Go to the line with "Mykonos resin outdoor" in the records below, then output it and each following line exactly, up to and including the line with "纪委书记关于如何把握好高校监督工作政治属性的思考(高校).docx". Skip pictures and add nothing.

═════ Material for the task ═════

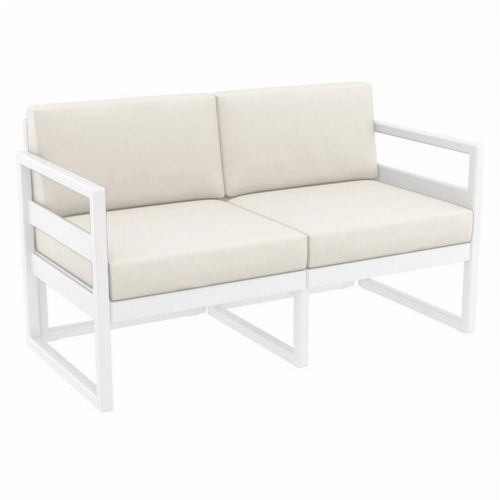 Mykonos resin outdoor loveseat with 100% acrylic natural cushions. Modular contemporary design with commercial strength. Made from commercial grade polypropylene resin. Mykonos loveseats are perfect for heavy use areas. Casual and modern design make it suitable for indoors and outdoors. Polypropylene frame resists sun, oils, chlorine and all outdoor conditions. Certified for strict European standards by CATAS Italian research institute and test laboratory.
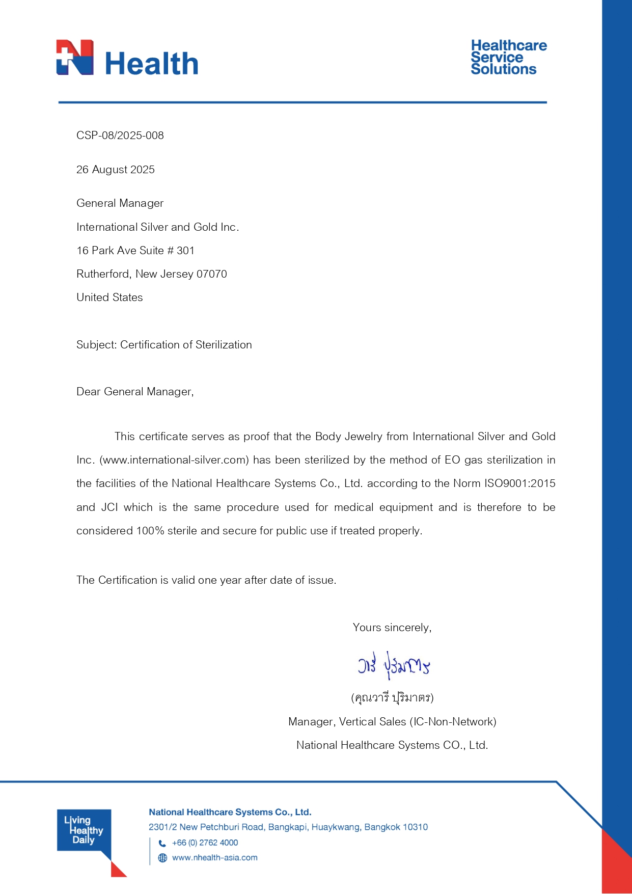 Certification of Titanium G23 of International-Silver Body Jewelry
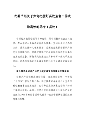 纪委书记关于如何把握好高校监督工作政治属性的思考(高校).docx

═════
═════ Material for the task ═════

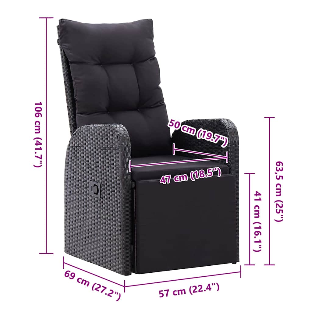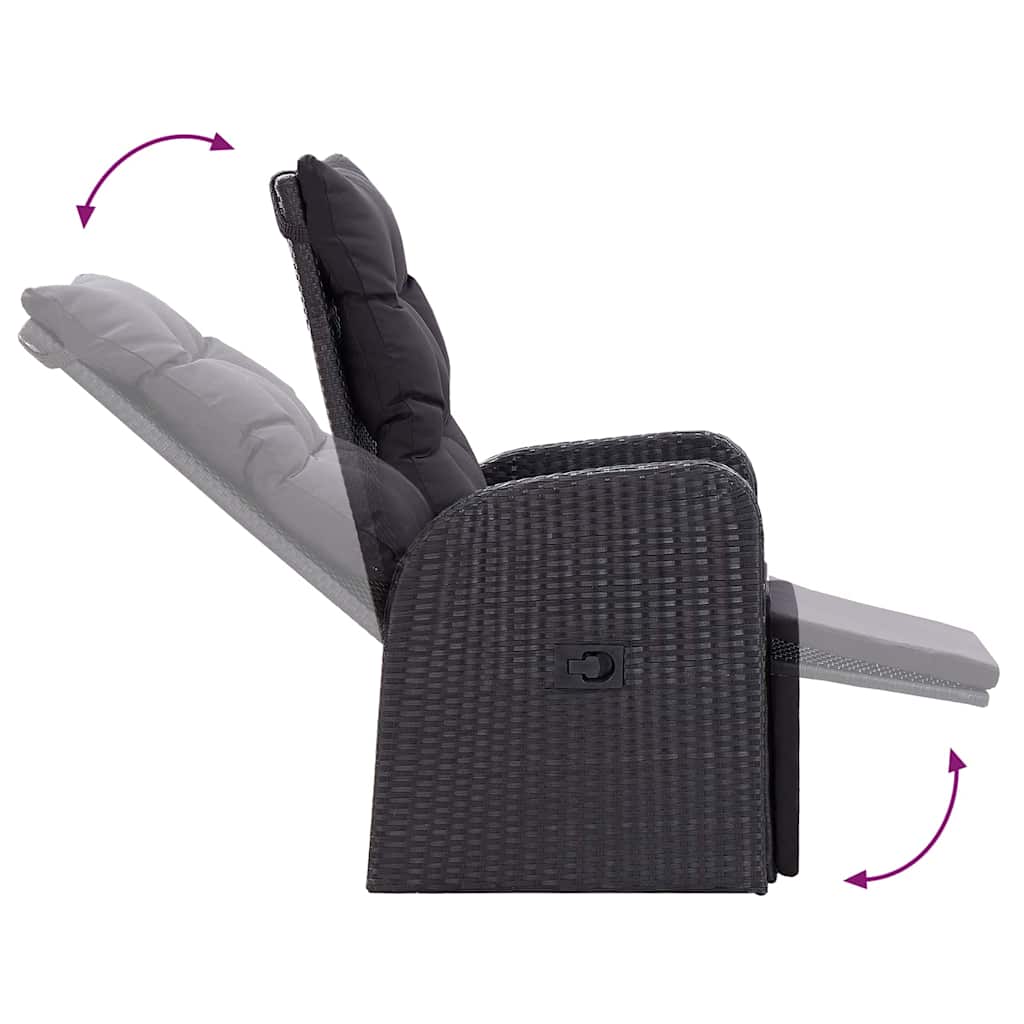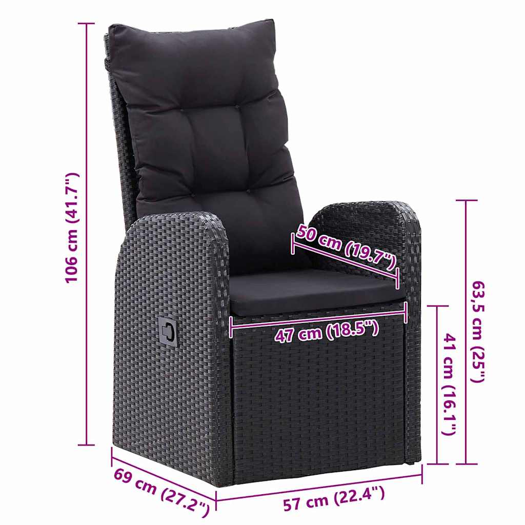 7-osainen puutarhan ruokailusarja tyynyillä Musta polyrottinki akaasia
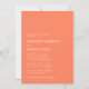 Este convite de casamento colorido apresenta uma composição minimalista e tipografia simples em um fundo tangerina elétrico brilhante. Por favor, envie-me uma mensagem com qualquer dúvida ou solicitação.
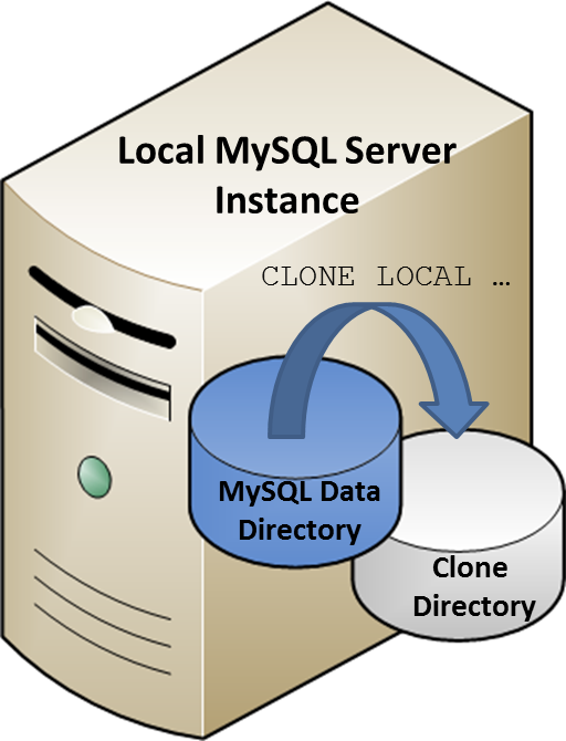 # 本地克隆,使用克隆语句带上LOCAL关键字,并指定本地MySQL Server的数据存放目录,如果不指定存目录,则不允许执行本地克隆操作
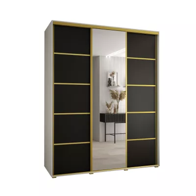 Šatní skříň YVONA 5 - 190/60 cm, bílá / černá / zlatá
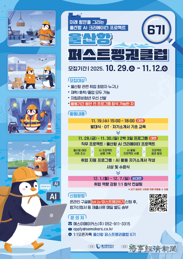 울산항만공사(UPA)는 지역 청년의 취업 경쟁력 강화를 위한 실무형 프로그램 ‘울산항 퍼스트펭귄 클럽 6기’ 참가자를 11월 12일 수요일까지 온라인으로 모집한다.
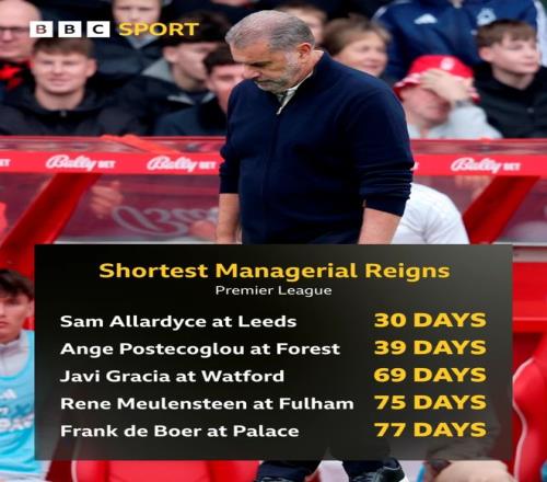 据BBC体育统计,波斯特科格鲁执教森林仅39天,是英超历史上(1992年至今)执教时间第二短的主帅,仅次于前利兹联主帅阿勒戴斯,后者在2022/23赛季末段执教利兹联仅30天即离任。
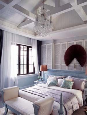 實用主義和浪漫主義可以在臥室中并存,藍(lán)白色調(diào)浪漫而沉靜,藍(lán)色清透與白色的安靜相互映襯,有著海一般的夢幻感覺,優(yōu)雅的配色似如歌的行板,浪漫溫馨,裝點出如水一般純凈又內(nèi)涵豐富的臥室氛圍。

═════
═════ Material for the task ═════

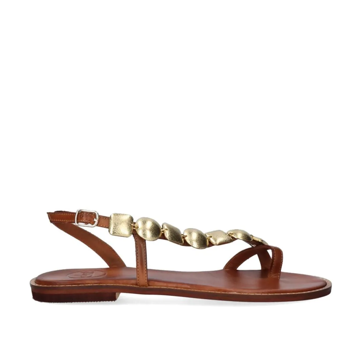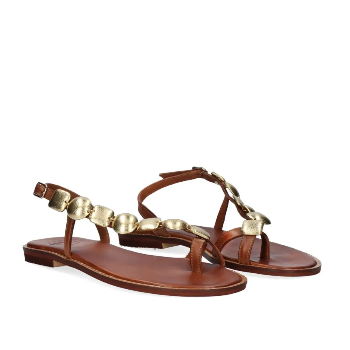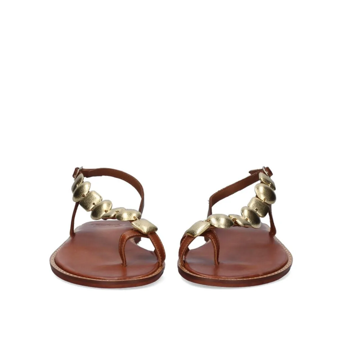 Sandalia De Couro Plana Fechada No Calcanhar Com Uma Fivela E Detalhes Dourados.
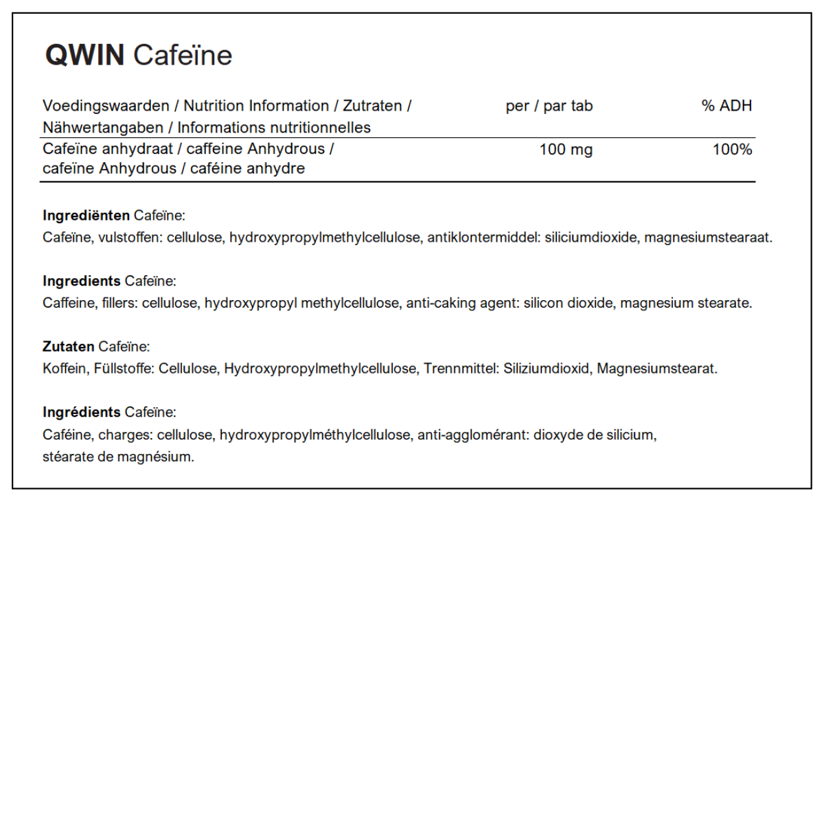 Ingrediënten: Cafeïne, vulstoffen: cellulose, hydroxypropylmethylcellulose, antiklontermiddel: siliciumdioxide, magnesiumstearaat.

═════

* [Result for this exercise]:
 Mykonos resin outdoor loveseat with 100% acrylic natural cushions. Modular contemporary design with commercial strength. Made from commercial grade polypropylene resin. Mykonos loveseats are perfect for heavy use areas. Casual and modern design make it suitable for indoors and outdoors. Polypropylene frame resists sun, oils, chlorine and all outdoor conditions. Certified for strict European standards by CATAS Italian research institute and test laboratory.
 Certification of Titanium G23 of International-Silver Body Jewelry
 纪委书记关于如何把握好高校监督工作政治属性的思考(高校).docx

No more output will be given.